El sindicato CSIF-Sanidad ha lanzado una dura crítica al Ministerio de Sanidad y al Instituto Nacional de Gestión Sanitaria (Ingesa) por lo que considera una "dejación total de responsabilidades" respecto a la grave situación de la sanidad en Melilla. En un comunicado difundido este martes, la central sindical recuerda que, en febrero de 2023, el Boletín Oficial del Estado (BOE) reconoció a Melilla y Ceuta como zonas de “difícil cobertura sanitaria”, pero denuncia que, a día de hoy, no se ha puesto en marcha ninguna medida concreta que permita paliar el déficit estructural de personal sanitario.
“La figura de difícil cobertura está reconocida desde hace año y medio, pero no se ha desarrollado ni retributiva ni organizativamente. El Ministerio mira para otro lado, y lo que debería ser una solución se ha quedado en papel mojado”, critica Ana Isabel Eusebio, responsable de CSIF-Sanidad en Melilla. Según el sindicato, Ingesa mantuvo múltiples reuniones con las organizaciones sindicales tras la publicación del BOE, pero ninguna de las medidas propuestas ha sido implementada.
Desde CSIF lamentan que la situación se haya convertido en “una historia de verano”, cuando se trata de un problema estructural que afecta al conjunto del sistema sanitario melillense. En su comunicado, recuerdan que comunidades con características similares en cuanto a aislamiento geográfico, como las Islas Canarias, Baleares, Castilla-La Mancha o determinadas zonas rurales de Andalucía, han aprovechado esta figura legal para aplicar incentivos y fidelizar profesionales. Incluso en algunos territorios se ha llegado a declarar la situación como de “muy difícil cobertura”, con un paquete de medidas que incluyen compensaciones económicas, mejoras en las condiciones de trabajo y apoyo en vivienda o transporte.
En cambio, en Melilla la situación permanece estancada. “Ni Ingesa ni el Ministerio han querido avanzar, ni quieren empezar a desarrollar algo que ya fue publicado oficialmente. Alegan falta de presupuestos, pero todos sabemos que, cuando hay voluntad política, se habilitan partidas extraordinarias”, señalan desde la central. Además, advierten de que no se trata de una crisis coyuntural, sino de un deterioro sostenido que amenaza con dejar a la ciudad sin servicios sanitarios básicos en los próximos años.
CSIF insiste en que la solución debe llegar desde el Gobierno central, puesto que la competencia de la sanidad en Melilla es estatal. En este sentido, reclaman una intervención urgente y realista que frene la fuga de profesionales y garantice el acceso a una atención médica de calidad para todos los ciudadanos. “Nos sentimos los grandes olvidados de España”, concluyen.
Aire acondicionado
A este escenario ya de por sí complicado se suma una nueva denuncia del sindicato relacionada con las condiciones laborales de los profesionales sanitarios. CSIF advierte de la situación crítica que se vive en el centro de salud de Zona Centro, donde el sistema de aire acondicionado permanece averiado en pleno mes de agosto. Con temperaturas extremas debido a la ola de calor que azota la ciudad, los trabajadores se ven obligados a atender a los pacientes en unas condiciones que consideran “inaceptables y peligrosas”.

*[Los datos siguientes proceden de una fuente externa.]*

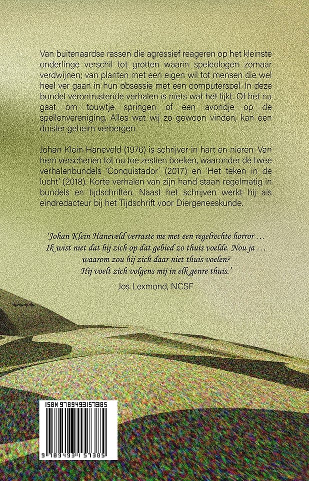 Van buitenaardse rassen die agressief reageren op het kleinste onderlinge verschil tot grotten waarin speleologen zomaar verdwijnen; van planten met een eigen wil tot mensen die wel heel ver gaan in hun obsessie met een computerspel. In deze bundel verontrustende verhalen is niets wat het lijkt. Of het nu gaat om touwtje springen of een avondje op de spellenvereniging. Alles wat wij zo gewoon vinden, kan een duister geheim verbergen.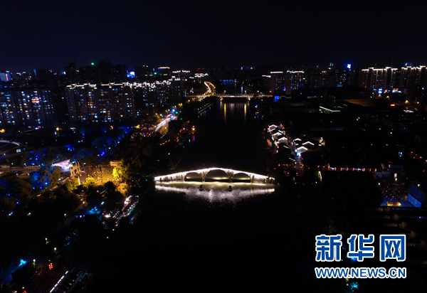航拍杭州拱宸橋附近的的京杭大運(yùn)河夜景(5月3日攝)。杭州自古多橋。斷橋、長(zhǎng)橋、錢(qián)塘江大橋、復(fù)興大橋……古樸文雅輝映現(xiàn)代氣派,透出這座城市融匯古今、靈動(dòng)開(kāi)放的底蘊(yùn)。舉世矚目的二十國(guó)集團(tuán)(G20)領(lǐng)導(dǎo)人第十一次峰會(huì)將在這里舉行。有趣的是,這次峰會(huì)的會(huì)標(biāo),也是一座橋——一座由20個(gè)成員搭起的“橋”。這會(huì)是一座怎樣的橋?它能否緩解當(dāng)前全球經(jīng)貿(mào)河道上的種種淤塞?它能否跨越發(fā)達(dá)國(guó)家和發(fā)展中國(guó)家之間的溝溝壑壑? 全球在期待,中國(guó)在行動(dòng)。新華社記者黃宗治攝

“Estamos hablando de un entorno laboral que atenta directamente contra la salud de los profesionales y dificulta la atención médica a los pacientes”, afirma Eusebio. El sindicato exige a la Gerencia del Ingesa que actúe con urgencia para reparar el sistema de climatización y, mientras tanto, habilite soluciones provisionales que garanticen el bienestar de usuarios y trabajadores.
CSIF advierte de que esta situación supone un riesgo tanto laboral como asistencial. “La administración tiene la obligación legal de garantizar unas condiciones dignas. No vamos a permitir que se juegue con la salud de los trabajadores ni de los pacientes”, denuncian. En su comunicado, instan a la Gerencia a asumir su responsabilidad y recuerdan que los centros de salud deben contar con condiciones adecuadas para prestar servicio, especialmente en contextos climáticos extremos como el actual.
Estas dos denuncias llegan en un momento especialmente sensible, después de que El Faro de Melilla publicara que el Ministerio de Sanidad prevé destinar 7,7 millones de euros a campañas de publicidad institucional, mientras Melilla continúa sin recibir financiación específica para activar el plan de difícil cobertura. Para CSIF, esta noticia evidencia una vez más la falta de prioridad del Gobierno hacia la ciudad autónoma.
“La inversión en imagen pública parece estar por encima de la inversión en servicios esenciales”, señalan desde el sindicato. A juicio de la organización, el contraste entre el gasto en publicidad y la falta de respuesta a los problemas estructurales del sistema sanitario en Melilla es una muestra clara del abandono institucional que sufren sus profesionales y usuarios.